A decade ago a book called French Women Don’t Get Fat took the Anglophone world by storm. It was a bestseller in Britain and America because, as the blurb explained, the French author ‘unlocks the simple secrets’ of why her people aren’t fat. So here is my sequel: Why French Kids Don’t Get Fat.
Admittedly, there are a few who look like they know their way to the boulangerie, but in general most are slim, healthy and fit. The stats back me up. Last year, the French ministry of health reported that obesity levels among nine- and ten-year-olds had fallen to just 3.6 per cent. In Britain, an official report last year said ‘nearly a third of children aged two to 15 are overweight or obese’. This summer, Public Health England said obesity levels at age 10 and 11 were at a record high. The British Journal of Family Medicine warned that if these children don’t slim down, their adult years will be blighted by diabetes, heart disease and certain cancers.
How can there be such a contrast between two countries separated by 20 miles of water? Please, not the old nonsense about the ‘Mediterranean diet’. There’s nothing Mediterranean about Paris in winter. It’s just like Britain: cold, grey and miserable.
My 13-year-old daughter goes to school in Paris and after all the years I’ve spent waiting for her at the gates I can count on one hand the number of obese kids I’ve seen waddle out. And it’s not just the middle classes. Her mother teaches in a state school in Seine-Saint-Denis, one of the most deprived regions in France. Her pupils are diverse in colour and creed, but none is obese. Their parents take pride in their appearance because they see it as an extension of their education.
It helps that parents have the full support of the authorities. Vending machines are banned in French schools and, as of last month, so are phones. Recreation is about running, jumping and letting off steam, not gaming and texting. Schools don’t permit packed lunches except in cases of severe allergies. Pupils eat in the cafeteria and get a well-balanced diet with fresh, nutritious ingredients. My daughter’s school’s website has a ‘menu’ tab and last week she could choose between pâté or green salad with Gruyère for a starter, fish or veal with vegetables for the main course, and Mimolette cheese or natural yoghurt for dessert. Water is the only drink available. There may also be croissants and brioche for breakfast, a crêpe or cake for goûter (tea). Crème brûlées, tartes Tatin and eclairs, too. But French children do not snack on crisps, chocolate and fizzy drinks outside of meal times.

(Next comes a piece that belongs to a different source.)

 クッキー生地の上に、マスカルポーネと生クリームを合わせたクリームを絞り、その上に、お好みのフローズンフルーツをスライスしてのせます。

I feel sorry for British children. Supermarkets and corner-shop shelves groan with confections and sugary drinks. Shop assistants ask customers if they’d like to add a supersize chocolate bar to their basket. For years the NHS has been alerting us to the dangers of obesity, as they did about smoking. We heeded those warnings and smoking rates are at a record low (only 7 per cent of 15-year-olds now smoke against 20 per cent in 2006). But, as if to compensate, we stuff our faces. And far from condemning the obese for the damage they do to themselves, we cosset them and celebrate fat as ‘fabulous’.
The French are not shy about this. ‘Fat-shaming’, or grossophobie, is commonplace, a point made last year in a book by a massive madame called Gabrielle Deydier, who moaned about the discrimination she faced. The Observer claimed the book ‘ignited her native France’. It did no such thing. If you are grossly overweight in France, you are regarded as weak, lazy and indisciplined.

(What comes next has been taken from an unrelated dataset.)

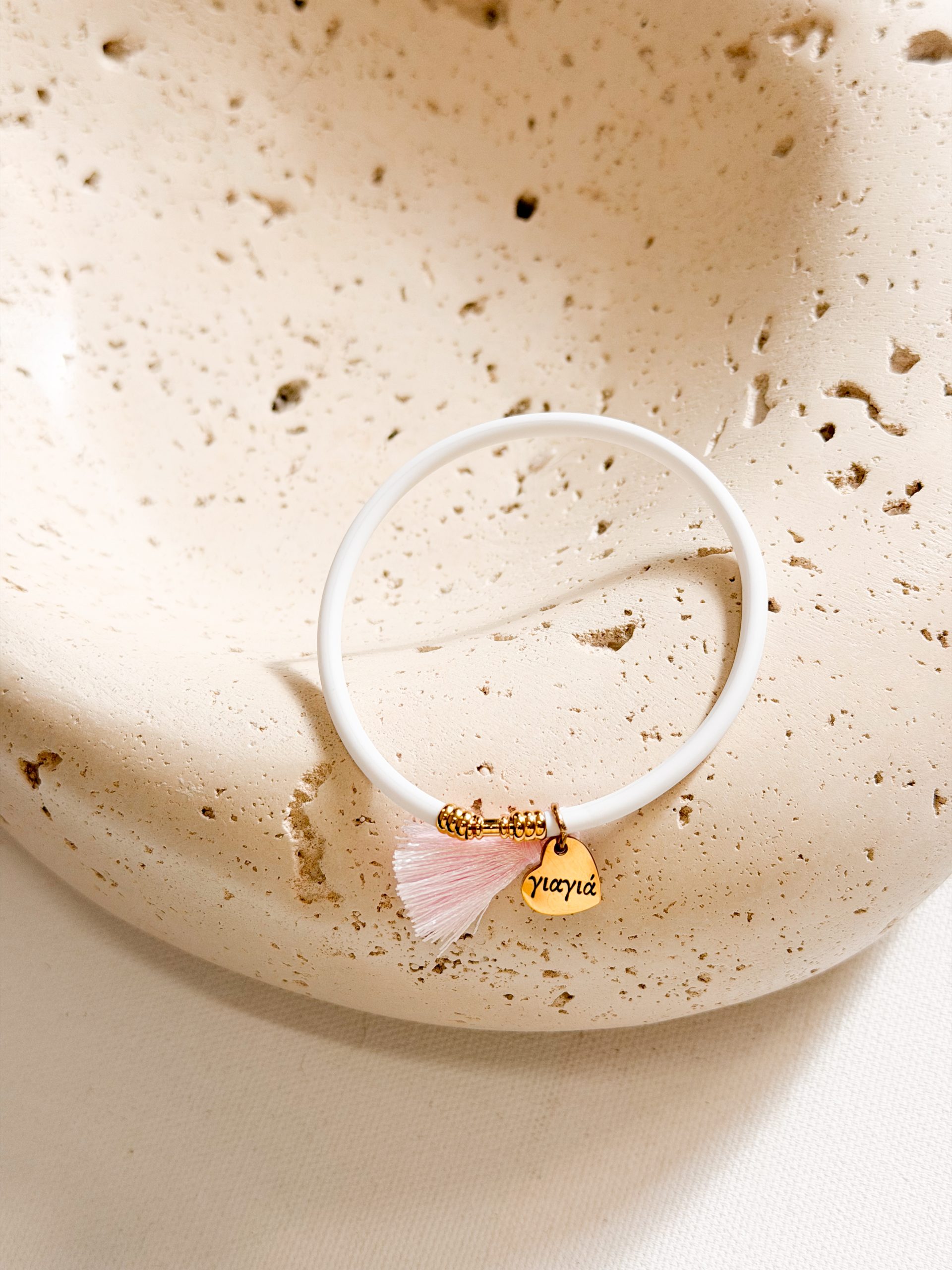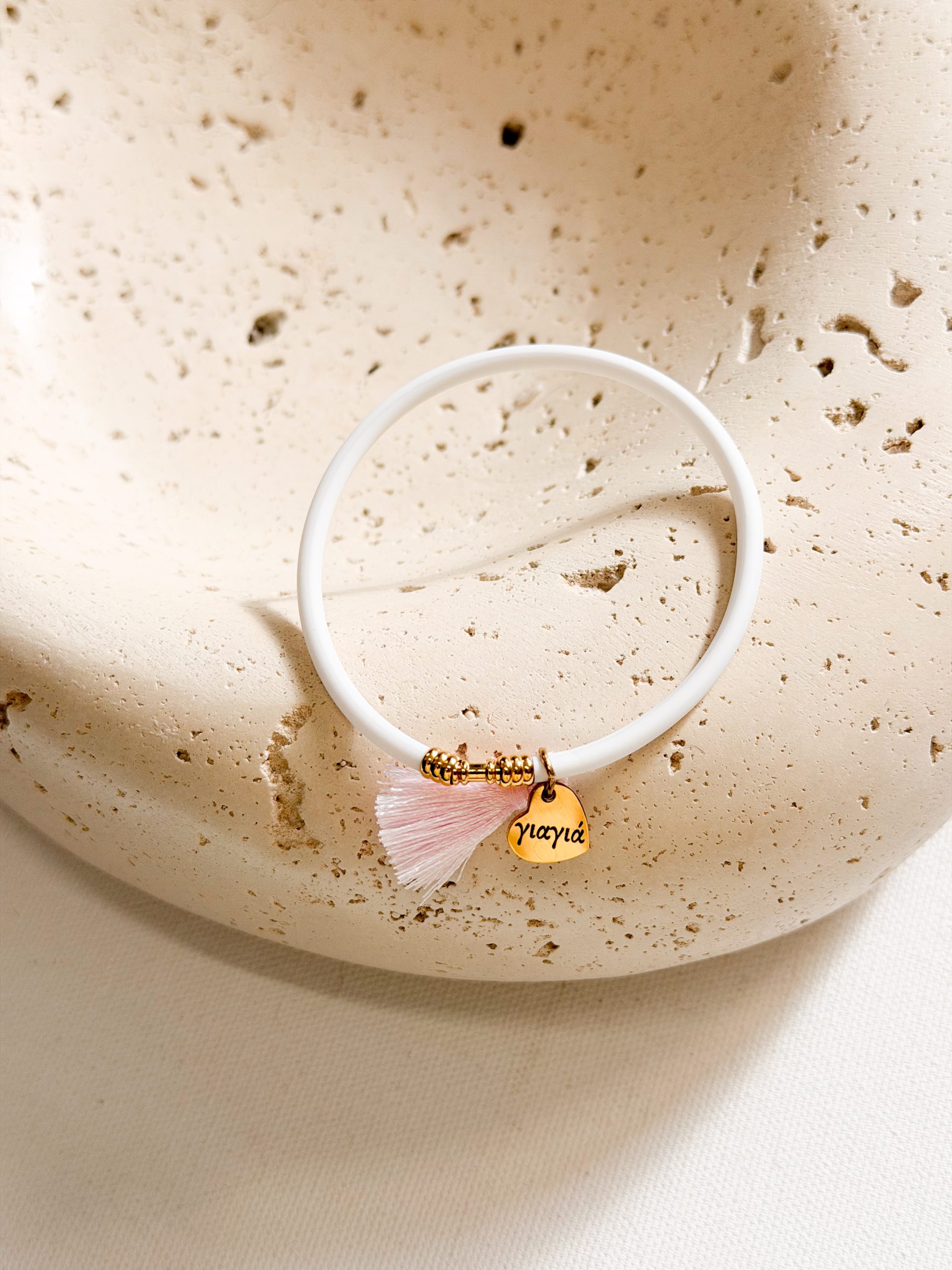 Βραχιολάκι με καουτσουκ κορδόνι,ροζ φούντα και μοτιφ καρδια για την μαμά,νονά και γιαγιά.

The author of French Women Don’t Get Fat, Mireille Guiliano, did fatten up during her time as an exchange student in America, and was told by her father that she looked like a sack of potatoes. So she slimmed down and wrote about it. The French couldn’t understand all the fuss about ‘unlocking of secrets’ that so astonished the Anglo-Saxons. What she wrote was, to them, common sense. Like keeping an eye on what your children eat.
The reason for the supersize difference in weight between British and French children is simple: the French are better parents. They are stricter and more mature. They don’t see their children as their friends; they are their offspring, to be educated, disciplined and controlled. The French aren’t afraid to say non.